Moïse est arrivé au pouvoir après un deux tours litigieux cycle électoral, en 2015 et 2016, avec une participation fortement déprimée. Dans un pays de onze millions d’habitants, il n’a reçu qu’environ six cent mille voix. Sa présidence a été marquée par des manifestations anti-corruption à l’échelle nationale contre des fonds détournés et détournés du programme d’achat de pétrole du Venezuela, Pétrocaribe. Même la durée de son mandat était fortement contesté. Moïse n’a pas organisé d’élections législatives en 2019, le parlement a donc été dissous début 2020 et il a commencé à gouverner par décret. Il croyait que la version actuelle de la constitution faisait d’Haïti ingouvernable, et voulait réformer les statuts par une formule très impopulaire référendum, qui a été reportée en juin puis reprogrammée pour se tenir en même temps que les élections législatives et présidentielles qu’il prévoyait de tenir en septembre. La nouvelle constitution ajouterait davantage de pouvoirs à la présidence, notamment en éliminant l’interdiction actuelle des mandats présidentiels consécutifs, l’un des principaux garde-fous contre la dictature.

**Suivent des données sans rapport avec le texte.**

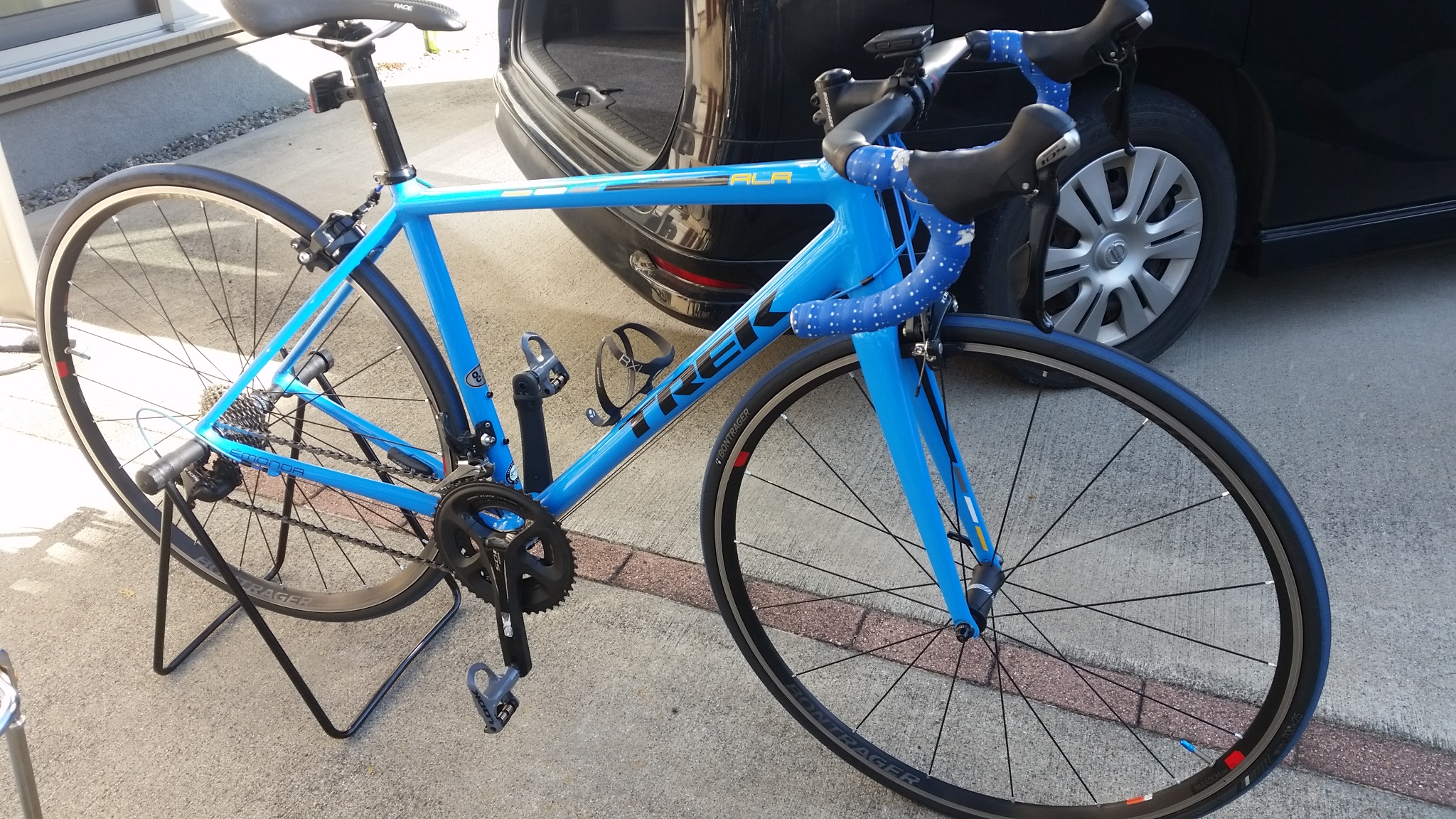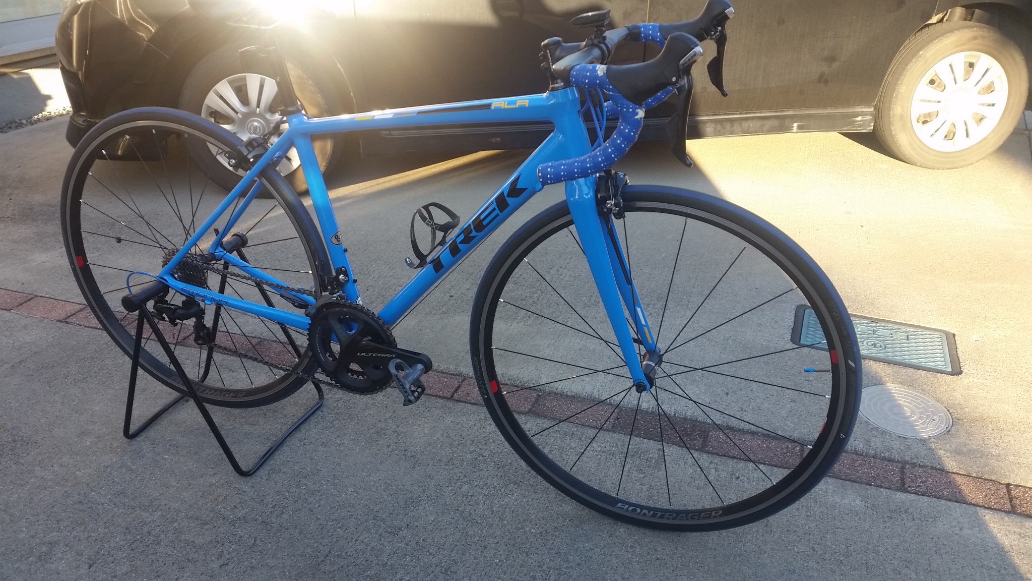 ネットでちょいちょいっと調べたら、このロードバイクはサイズ52で8.4㎏でうちのもサイズ52なんで、ペダルとボトルホルダーがついてまぁその辺りの重量かと・・・
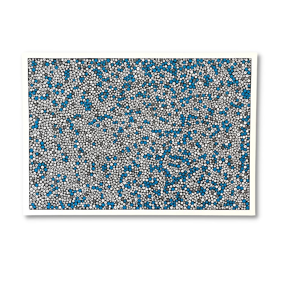 Look Outside by Dessie O’Gorman – An original abstract painting featuring hundreds of white, grey and blue circles on a black background with a vehicle painted border.

Moïse était inconnu de la plupart des Haïtiens jusqu’à ce qu’il soit trié sur le volet par son prédécesseur, Michel Martelly, le chanteur de konpa connu sous le nom de Sweet Micky, qui est arrivé au pouvoir, en 2011, à travers une autre série d’élections embourbé dans la fraude. La carrière précédente de Moïse était en tant qu’exportateur de bananes (avec le surnom de Nèg Bannann, ou Banana Man), et il a été vendu comme un entrepreneur rural autodidacte et prospère en dehors de la classe politique haïtienne. En effet, Agritans, la compagnie bananière de Moïse, avait reçu des millions de dollars du gouvernement de Martelly—des fonds qui, selon la Cour supérieure des comptes et du contentieux administratif d’Haïti, ont été parmi les détournés de Petrocaribe. (Un avocat représentant Agritans a nié les allégations.)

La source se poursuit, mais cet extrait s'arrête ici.